Наверное, в глубине моих глаз действительно промелькнул страх, потому что лорд Вильгельм удовлетворенно улыбнулся и откинулся на спинку кресла. Откуда он мог знать, что боялась я вовсе не возможных убытков, а утраты даже призрачной защиты от гнева добрых соседей. Легко представить, что сталось бы с железными дорогами без сандеранцев: сгнившее до черноты дерево, изъеденные ржавчиной пути, пробившаяся меж щебня трава и монстры-паровозы, остывшие и безвредные – неумолимое торжество времени и природы над делом рук человеческих.
Но пойти против воли моего короля я не смела. В конце концов, руки человеческие могут принести зла больше, чем буйство природы.
– Разве нет среди наших рабочих ни одного, кто справился бы с поддержанием работы железной дороги?

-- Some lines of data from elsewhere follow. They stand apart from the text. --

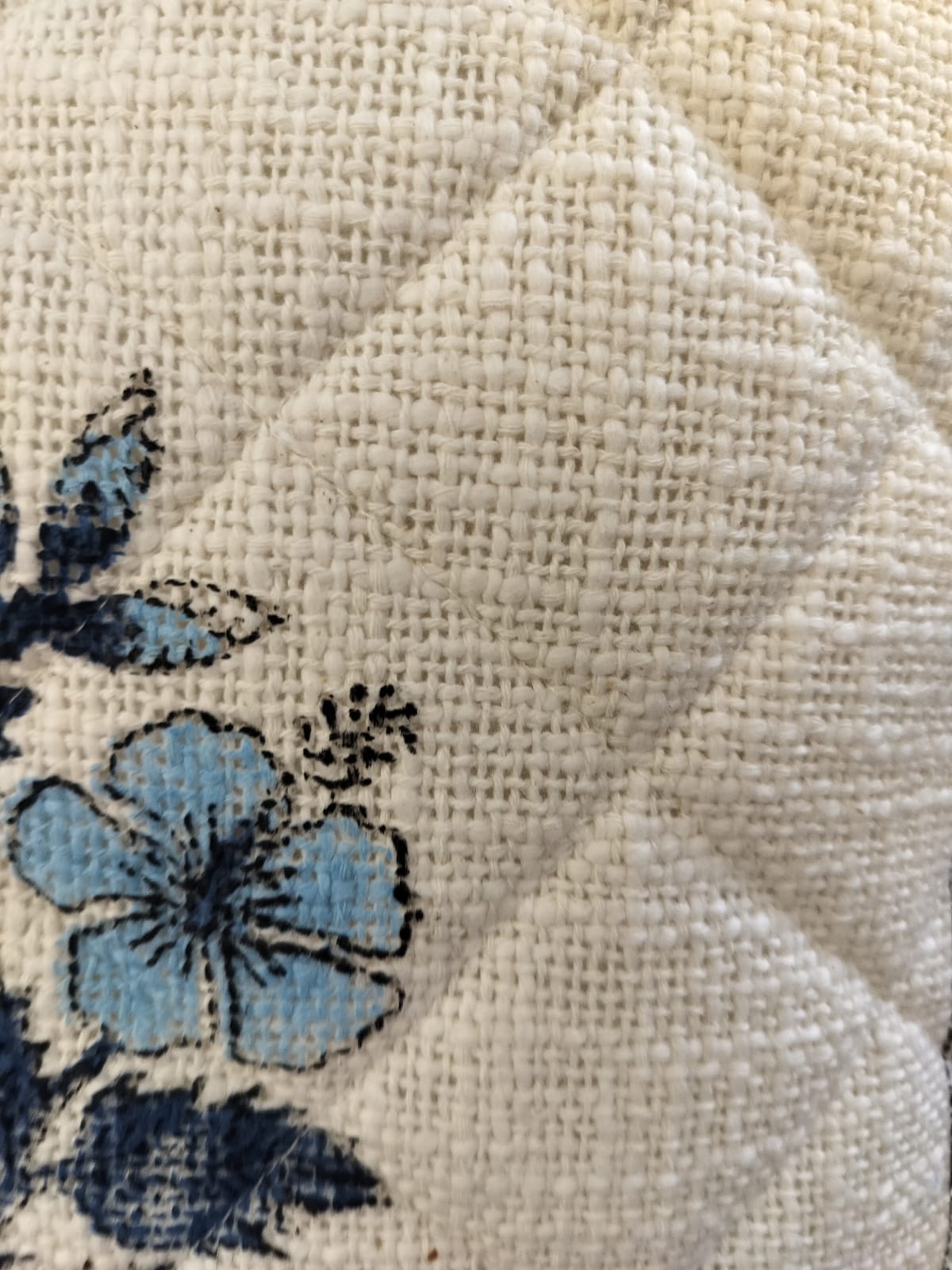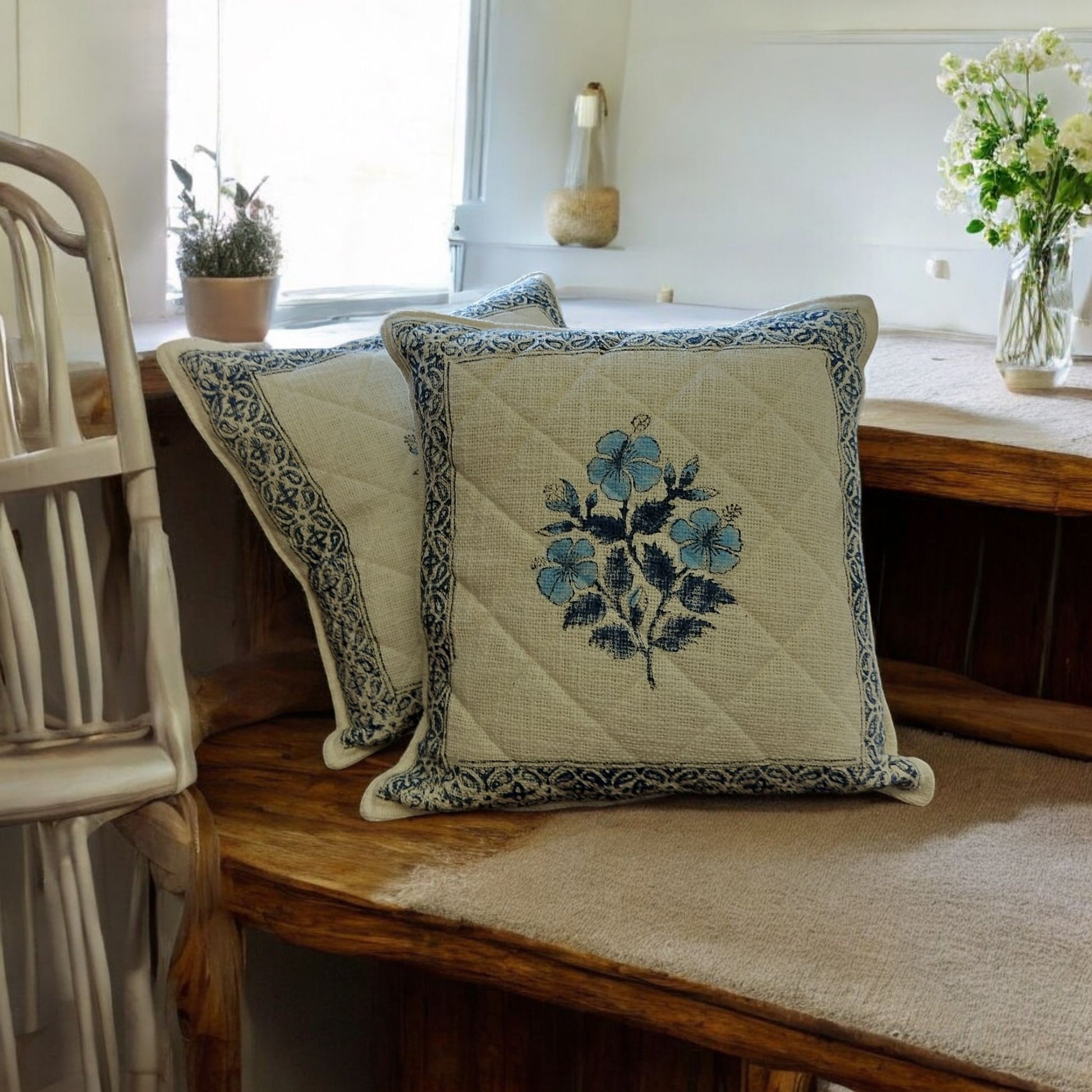 White Blue Flower Quilted Jute Cushion Cover SET OF 2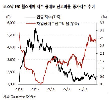 2차전지 업종 다음으로 공매도 비중이 가장 높은 업종인 제약·바이오 주가가 긍정적일 것으로 이 연구원은 내다봤다. 그는 “코스피200 헬스케어 지수는 1.43%, 코스닥150 헬스케어 지수는 2.85%를 기록 중”이라며 “코스닥150 헬스케어 지수 구성 종목들의 대다수가 바이오텍으로 신약 개발 기업 특성 상 실적에 따른 밸류에이션보다는 수급에 민감한 만큼 실적주 중심의 코스피200 헬스케어 지수 대비로도 특히 공매도 영향이 크다”고 진단했다.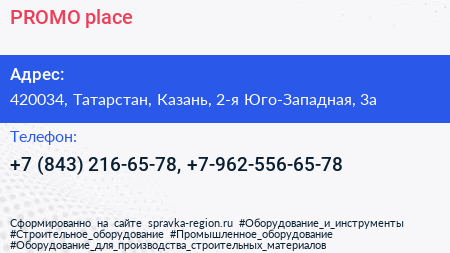 PROMO place по адресу 420034, Татарстан, Казань, 2-я Юго-Западная, 3а в дальнейшем Организация, размещена в следующих категориях: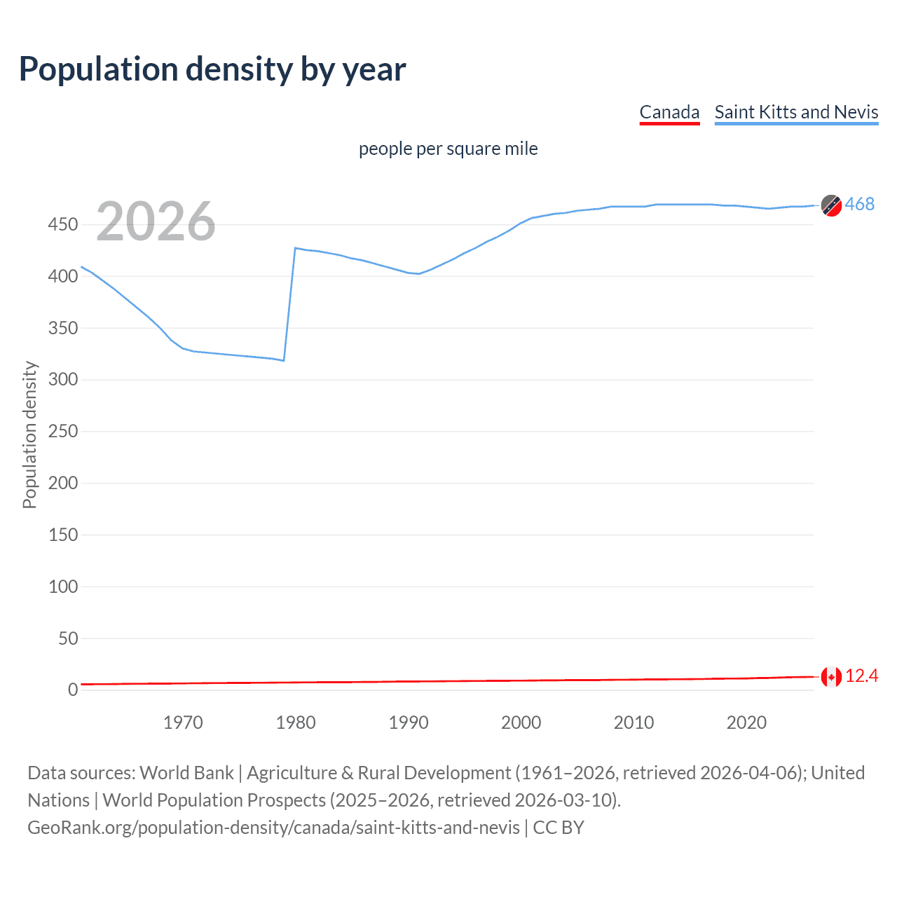 From 2006 to 2026, population density in Canada increased by 31.8%, compared to a 0.93% growth in Saint Kitts and Nevis.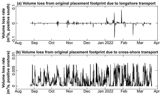 Time series of predicted volumetric sediment transport away from the original placement footprint based on the algorithm of Bain et al. [54]. In subplot (a), transport is directed alongshore towards the south when positive and alongshore towards the north when negative. In subplot (b), transport is directed onshore when positive and offshore when negative. Note that the cross-shore transport rate is for the entire shore-parallel length of the placement footprint (i.e., not unit width).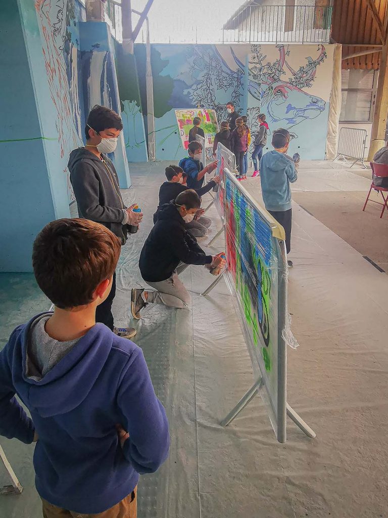 Dès le début, le projet a été pensé pour impliquer les jeunes générations. Pour commencer le projet, les élèves de l’école primaire ont été invités à réaliser des esquisses autour du thème de la Nature. Les enfants, toujours plein d’inspirations, ont imaginés des forêts enchantées, des animaux majestueux… Ces croquis ont ensuite servi de référence aux artistes du collectif qui se sont lancés dans la conception de la maquette finale de la fresque.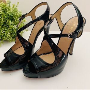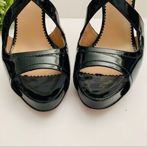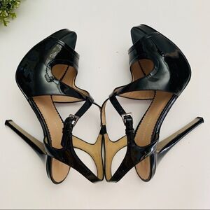 Emporio Armani Womens 38 Heel Black Patent Open Toe Criss Cross Stilleto Sandal

Разве вы не должны были обучать их, согласно договору?
С притворным сожалением лорд Вильгельм развел руками:
– Мы и рады были бы делиться опытом с вашими людьми, но от нас же разбегались, как от зачумленных. Кто приходил к нам на службу? Лишь отчаявшиеся заработать иначе. Вы должны понимать: из дрянного металла доброго клинка не выкуешь.
– Я признаю вашу правоту, но мне все равно нужно время на принятие решения.
Лорд Вильгельм кивнул, стиснув зубы и пряча холодный непокорный взгляд. Скрип кресла, безукоризненный поклон, удаляющиеся шаги. Спутник его, так и не проронивший ни слова, подрагивающими руками протянул мне папку – обещанные планы и расчеты. Я встретила его взгляд – всего на мгновение – и долго потом гадала, почудился мне или нет сдавленный шепот «не соглашайтесь!».
Карту их разглядывала, хмурясь и кусая губы. Место для новых шахт сандеранцы отметили выше по течению Эфендвил, где впадала в нее быстрая и говорливая Эфинэйри, где расстилались самые плодородные поля меж старых, осевших холмов. Я знала эти места: люди там куда суевернее, чем в землях матушки, сеют и жнут по давним обычаям и никогда не забывают оставить дары добрым соседям, откупаясь страхом и уважением.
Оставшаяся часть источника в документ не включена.